Iran’s Universities Among Least Trusted
Tehran’s academic policies have received widespread criticism after Iran was announced to be among the countries with the highest rate of retracted scientific papers.
In a report published earlier in the month by Nature, considered by many as the world’s leading journal of science, Iran ranked seventh in the list of the countries with the highest retraction rates with an average of 16.7 retractions per 10,000 papers.
Only Saudi Arabia, Pakistan, Russia, China, Egypt and Malaysia had a higher retraction rate in comparison with Iran, the report said.
Nature’s report analyzes the academic productions of the countries with 100,000 papers published over the past two decades.
Published papers get retracted when it is discovered that they violate ethical and professional guidelines due to scientific misconduct or plagiarism.
In June, Iran’s parliament announced that as many as half of the postgraduate theses produced between 2019 and 2022 have been fraudulently written.
Nature’s report drew the attention of university professors and researchers in Iran who have long been critical of the establishment’s over-emphasis on publishing papers in national and international journals.

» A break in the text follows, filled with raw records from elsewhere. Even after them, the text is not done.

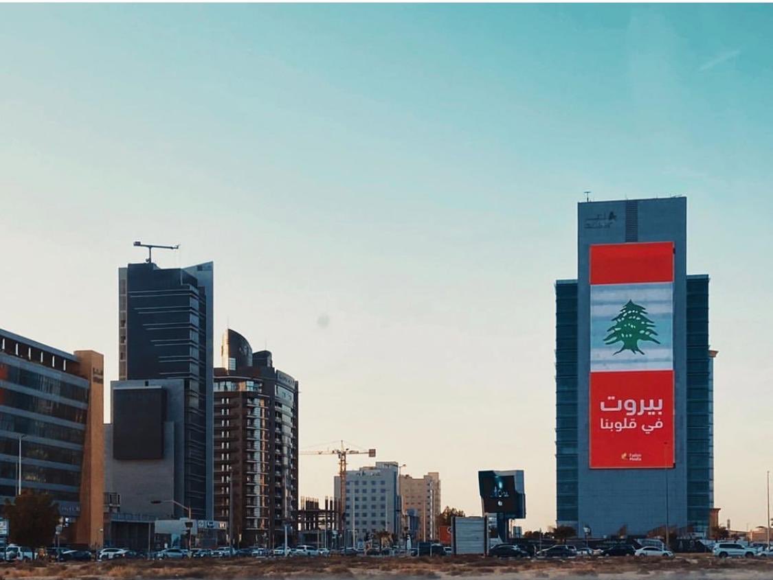 برج طريق الملك في جدة يتزين بعبارة بيروت في قلوبنا. مساحة المباني الخاصة بالبرج. برج طريق الملك بجدة التقطت يوم امس هذه الصورة لاكبر شاشة led في العالم ببرج طريق الملك بجدة وكما تلاحظون الشاشة بحجمها ومتحركة وتعرض صورة الملك عبدالله حفظه الله وصور متفرقة. جنوبا شارع فرعي 3.
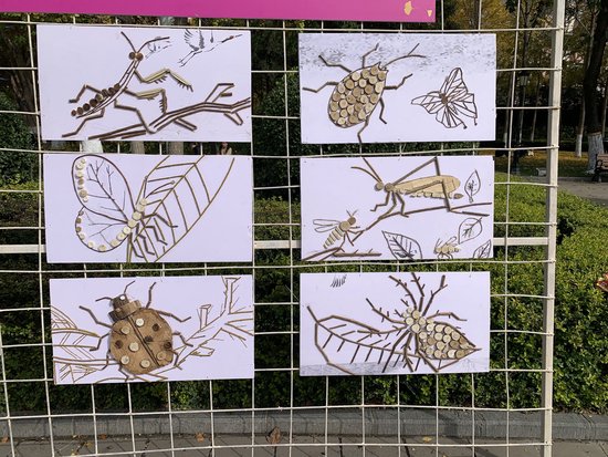 十二生肖甲骨文保留古文字古朴神韵,牛的沉稳、兔的乖巧通过枝条弧度尽显;市井活力图景更是妙趣横生,跑步、打球、滑板、跳舞、散步、孩童挥拍打羽毛球的场景,以长短错落的枝条精准还原,仿佛将广场日常的热闹瞬间定格;蝴蝶、瓢虫等昆虫造型则巧用细小枝丫与年轮木片,栩栩如生惹人喜爱。
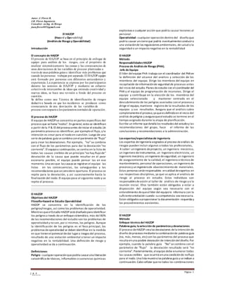 El documento describe el proceso HAZOP (análisis de riesgos y operabilidad), que utiliza un enfoque de equipo para identificar sistemáticamente desviaciones en las variables de proceso y sus consecuencias. Se enfatiza en la importancia de la colaboración entre expertos de diferentes disciplinas para proporcionar un análisis exhaustivo de los riesgos, así como en la identificación de problemas operativos que pueden generar riesgos. Finalmente, se discuten las medidas de control y recomendaciones para mitigar los riesgos identificados durante el análisis.
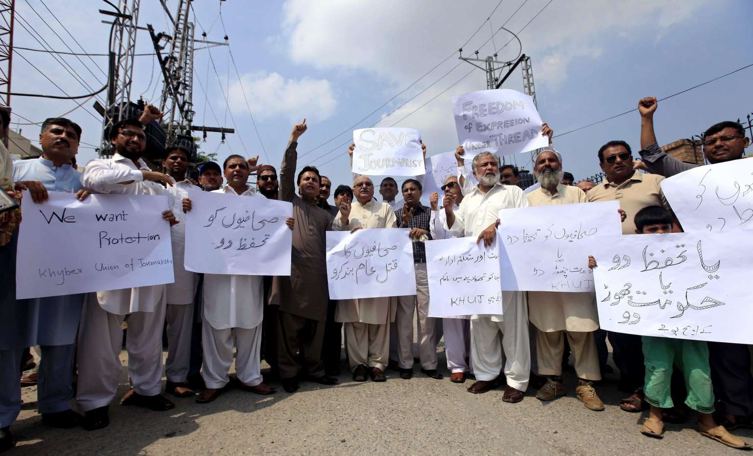 Pakistani journalists shout slogans during a protest to mourn the victims of suicide bomb attack in Quetta, in Peshawar, Pakistan. At least 70 people mostly lawyers and two journalists, were killed when a bomb exploded when dozens of lawyers and journalists gathered outside the civil hospital following the assassination of a lawyers senior fellow in a target killing in Quetta.
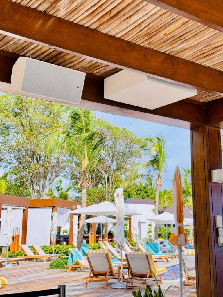 “Coverage and control were the central concerns in the cabana areas. The goal was to deliver a private, contained experience without bleeding into neighboring spaces,” Abreu continues. “You want the volume to feel right inside each cabana without causing bleed-through. That means consistent coverage and quality sound, even at low listening levels.”
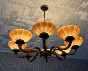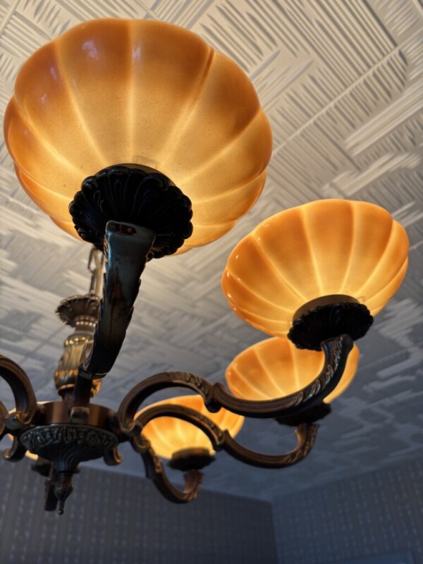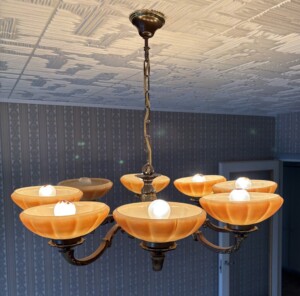Kattolamppu 8-haarainen 1900-luku, messinkirunko, ehjät lassikuupat Mitat: myöh.
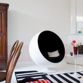 A Ball Chair, projetada por Eero Aarnio em 1963, é uma peça icônica do design moderno, reconhecida por sua forma distintiva e futurista. Também conhecida como Globe Chair, a poltrona foi concebida como um espaço íntimo e acolhedor dentro de um ambiente maior, oferecendo privacidade e conforto.

Iran International interviewed several university professors and researchers in Iran about the worsening condition of conducting research projects in the country. They spoke on condition of anonymity fearing the Islamic Republic’s crackdown on critics.
An assistant professor at the University of Mazandaran told Iran International that the field of research in Iran has turned into a very lucrative market where “products” can easily be bought and sold.

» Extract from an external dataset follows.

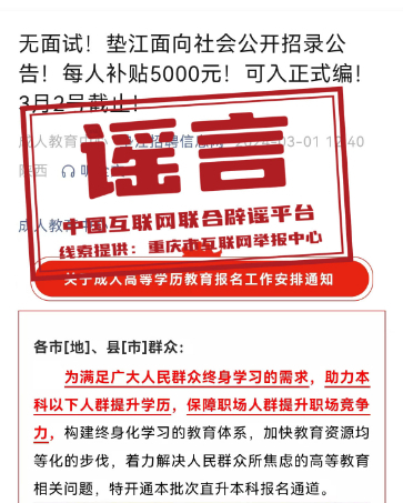 真相:近日,“墊江招聘信息網(wǎng)”微信公眾號(hào)發(fā)布信息:“無(wú)面試!重慶墊江面向社會(huì)公開(kāi)招錄公告!每人補(bǔ)貼5000元!可入正式編!”部分網(wǎng)民看到該信息后誤認(rèn)為,墊江面向社會(huì)以補(bǔ)貼形式招錄具有正式編制的公務(wù)人員,于是紛紛向墊江縣有關(guān)部門(mén)致電咨詢(xún)招錄情況。經(jīng)核實(shí),近年來(lái),墊江未曾以補(bǔ)貼方式和不經(jīng)過(guò)面試招錄具有正式編制公務(wù)人員。該信息實(shí)則為成人學(xué)歷提升培訓(xùn)信息,而非正式編制公務(wù)人員招錄信息。墊江縣互聯(lián)網(wǎng)信息辦公室已依法對(duì)發(fā)布該信息的微信公眾號(hào)負(fù)責(zé)人進(jìn)行約談和教育批評(píng),指出虛假信息的危害性,并責(zé)令刪除相關(guān)信息。(來(lái)源:重慶辟謠)
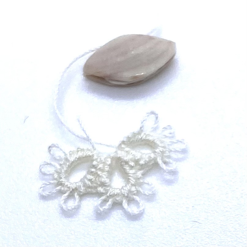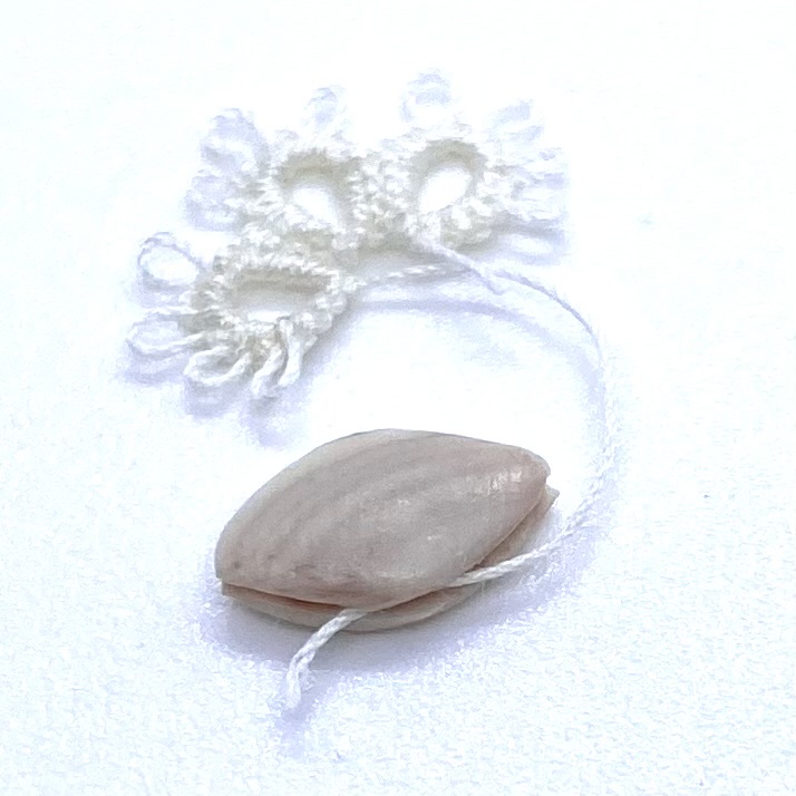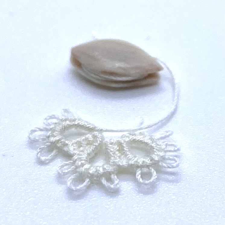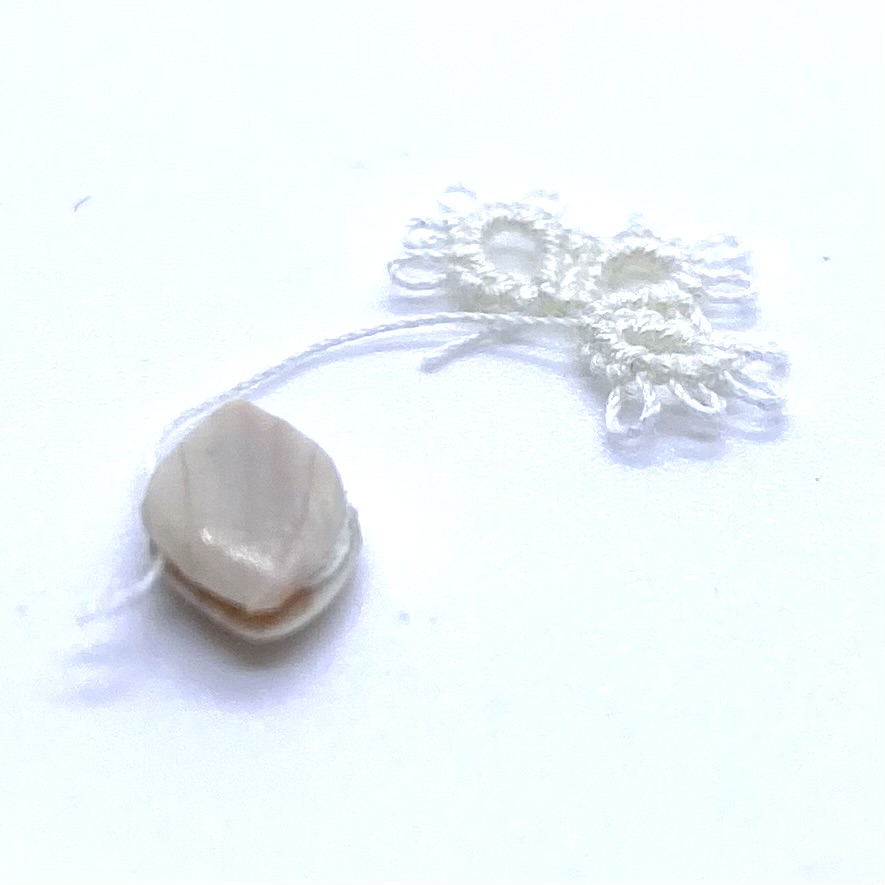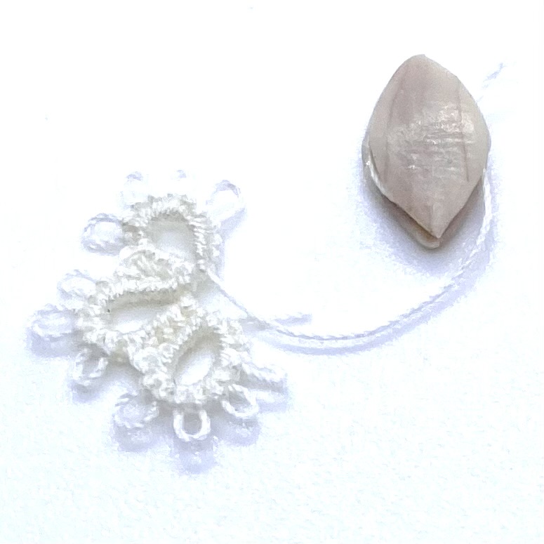 Dimensions: 9 x 4 mm. / ⅜ x ⅛ inches (shuttle); 12 x 9 mm. / ½ x ⅜ inches (tatted mat fragment)

Unofficial advertisements about the sale of research papers, theses, dissertations and semester projects can be found in university campuses, she said, adding that over recent years, offices have been founded in Tehran and many other cities that offer to write research papers for students and teachers at an exorbitant price.
She blamed the political ambitions of the Islamic Republic for the creation of such a notorious “research market,” noting that Tehran officials have time and again stressed that Iran should rank first in the region in terms of academic productions.
As a result, the research “obligations” for university teachers, postgraduate students and researchers have been devised by the government’s officials in a conscious attempt to “force” academicians to write as many papers as possible regardless of their quality or their industrial and practical utility, she went on to say.
One university professor told Khabar Online in Tehran that Iranian research has failed to solve pressing problems facing the country. “What is the purpose of these featureless articles, which are occasionally accused of being counterfeit and also jeopardize the country's international scientific reputation," the professor said.
A PhD holder in French literature from the University of Tabriz, one of Iran’s leading academic institutions, told Iran International that the pressure on teachers and students in Iranian universities to write a large bulk of research papers in fact reflects the authoritarian structure of the political establishment where quantity precedes quality.
If a PhD student does not reach the research quotas they will not be allowed to defend their dissertation, the researcher said, adding that the pressure starts with the Ministry of Science, university professors having no other way but to follow the ministry’s guidelines in order to keep their teaching positions.
According to a PhD student of TEFL at the University of Beheshti, many postgraduate students in Iran have no “research agenda” for themselves as is the case with the world’s top universities.
We are expected to work like “paper-manufacturing machines” so that our supervisors can get promoted, she said. De-motivated and under pressure, there are many students who resort to plagiarism or assign somebody else to complete their research projects, she went on to say.
Research published last year in the Journal of Academic Ethics, concluded that "Iran lags behind other countries with regards to what is known about contract cheating and how to address it", citing major reform needed in policy and academia.